The history of proband II-5 in EKV patients is as follows: full body reddish-brown keratotic plaques for 49 years. The red plaque appears at the ankle 3 months after birth, and the skin lesion gradually expands to the whole body and is relatively fixed with the age, and the color gradually deepens. Red speck-like edges are occasionally visible around the plaque. The condition of the disease is aggravated by cold stimulation, the disease is severe in winter and mild in summer, and the disease feels slight pruritus.
The pathological examination results of proband II-5 in EKV patients were as follows: hyperkeratosis, papilloma-like hyperplasia, hypertrophy of the spinous layer, infiltration of lymphocytes around the superficial dermal blood vessels.
The physical examination of proband II-5 in EKV patients was as follows: the system physical examination is not abnormal.

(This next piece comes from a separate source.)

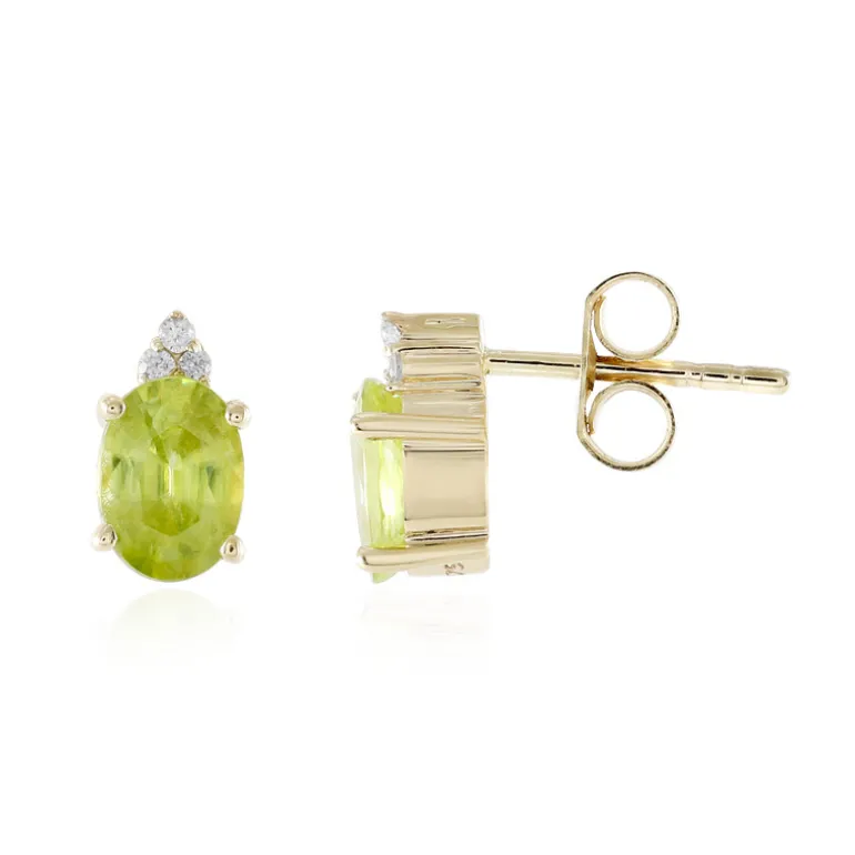 Entdecken Sie die lebendige Anziehungskraft dieser exquisiten Madagaskar Sphene & Zirkon Ohrringe, die in glänzendem 9K Gelbgold gefertigt sind. Jeder Ohrring besteht aus einem Sphene im Ovalschliff, der durch zierliche kambodschanische Zirkon-Akzente ergänzt wird und ein Gesamtkaratgewicht von 1,815 ct aufweist. Perfekt, um Ihrem Alltag einen Farbakzent zu verleihen oder Ihre Ohrläppchen zu besonderen Anlässen zu schmücken. Kombinieren Sie diese funkelnden Schätze mit einem dezenten Ensemble, um ihre natürliche Schönheit zur Geltung zu bringen.

The skin specialties of proband II-5 in EKV patients were as follows: reddish brown keratotic plaques are visible on the limbs, buttocks, breasts and faces, and scales are adhered on the plaques, so that the plaques are not easy to peel off. The skin lesion is relatively fixed and is in a pattern shape, and the boundary is completely like a knife cutting sample. Keratinized thickening of both palms and soles, normal teeth and nails.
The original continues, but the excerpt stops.